Bu yüzden kiklopla savaşması 5-6
dakika sürdü.Yine de çok zaman kaybetmişti.Koşmaya devam etti.Ama nerden
geldiğini anlamadığı bir ses ona "yaklaştın" diyordu "çok az kaldı". Tabii ki de ona bunu söyleyen bendim
kızıma biraz yardım etsem ne olurdu ki.
Koşmaya devam etti.İşte
oradaydı.Melez Kampı oradaydı.İçini bir sevinç dalgası sardı.Oraya
ulaşmalıydı."Keşke babamın hangi tanrı
olduğunu bilseydim." Diye düşündü.Merak
etme diye geçirdim içimden sana kampta söylerler.Tabi ben bunu der demez
hemen kampa gittim.Ben bunları yaparken onun içini de başka düşünceler
kemiriyordu.
Ben mi?O bir şeyler düşünürken kampa
gitmiş Kheiron’la konuşmuştum.Zavallı yaşlı sentor (Mitolojide at-adam)
bir tanrıyı karşısında görünce ne yapacağını şaşırmıştı.Çünkü bir tanrı
çoğunlukla bu kampa gelmez.Yine de ona olayı anlatmış, kızımın
geleceğini söyledikten sonra hemen onaylayıp kampın girişine doğru
koşmaya başlamıştı.
Yeniden krallığıma döndüğümde kızım
yine bir şeyler düşünüyordu ama bu sefer düşüncelerinde telaştan çok
merak vardı.
İkisinin Gözünden….
Acaba nerede kalacaktı.Onun
geleceğini biliyorlar mıydı?
Bunu düşünürken oraya varmış olduğunu
ancak 1-2 dakika sonra fark etti.Ata binmiş bir adam ona doğru
geliyordu.1 saniye bu adam ata binmemişti.O bir at-adamdı.Acaba daha
nelerle karşılaşacağım?Diye düşündü yine de rahatlamıştı buraya sağ
salim ulaşmıştı.At adam ona yaklaştı ve şunları söyledi:
-Hoşgeldin Kate, baban bize
geleceğini söyledi.
-Babam mı?
-Evet.Senin baban POSEİDON.
Kate’nın Gözünden…
-Poseidon mu?!Peki neden bana bir şey
göndermedi.Yani en azından bir mesaj, bunu yapmalıydı!Peki siz bunu
nereden biliyorsunuz ve kimsiniz?Yoksa ben gelmeden önce o buraya geldi
mi?Yani onu görmeyi kısa süreyle mi kaçırdım?!Olamazz!!Soruları peşi sıra söylüyordum ama
umrumda değildi.Yorgundum,açtım,susuzdum,korkmuştum,öfkeliydim.Eh tüm bu
duyguları barındıran birinin pek de sakin olmasını bekleyemezsiniz.Oysa
çok sakindi.Bana bir yerden tanıdık geliyordu ama çıkaramamıştım.Belki
ismini söylese bilirdim.Bana cevap vermesini bekledim.
-Evet baban
Poseidon.Denizlerin,fırtınanın,depremlerin Tanrısı.Ve evet senden önce
buraya kısa süreliğine geldi ve benle konuştu.Bir yarım saat kadar
önce.Sana bir mesaj elbette göndermiş ki sen buraya gelmişsin.O sen
geldiğinde burada olsa bile giderdi.Çünkü Tanrıların ve Tanrıçaların
çocuklarıyla doğrudan ilişki kurmak yasak.Ve bana gelince ismim Kherion.

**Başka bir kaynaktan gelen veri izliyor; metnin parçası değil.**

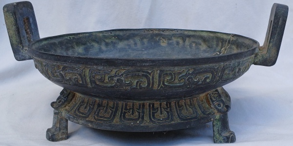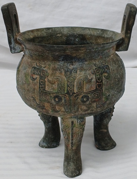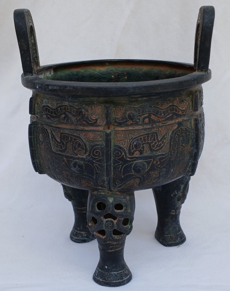 • Antigo Incensório Chinês em bronze patinado,  pés tripo ides. Com resíduos de argilas no interior que possibilitam testes de carbono e químicos para a época.  (Um dos pés, apresenta um quebrado)  Medidas;  Alt.18 x 13 cm.

Bu ismi tanıyordum.Herakles’e (Roma
adıyla Herkül) o öğretmenlik yapmıştı ama ben onun öldüğünü
sanmıştım.Demek daha öğreneceğim çok şey vardı.
Kısa bir yürüyüşün
ardından büyük ev dedikleri yere varmıştık.Gerçekten çok güzel bir
yerdi.Benim kalacağım yerde ayrı güzeldi.Deniz taşlarından
yapılmıştı,duvarlarının renkleri deniz mavisiydi ve bu olay odaya farklı
bir hava katıyordu,en iyisi ise odanın sonunda bir çeşme akıyordu ve
içi para doluydu.Sonradan bu paraların İris’e (Gökkuşağı Tanrıçası)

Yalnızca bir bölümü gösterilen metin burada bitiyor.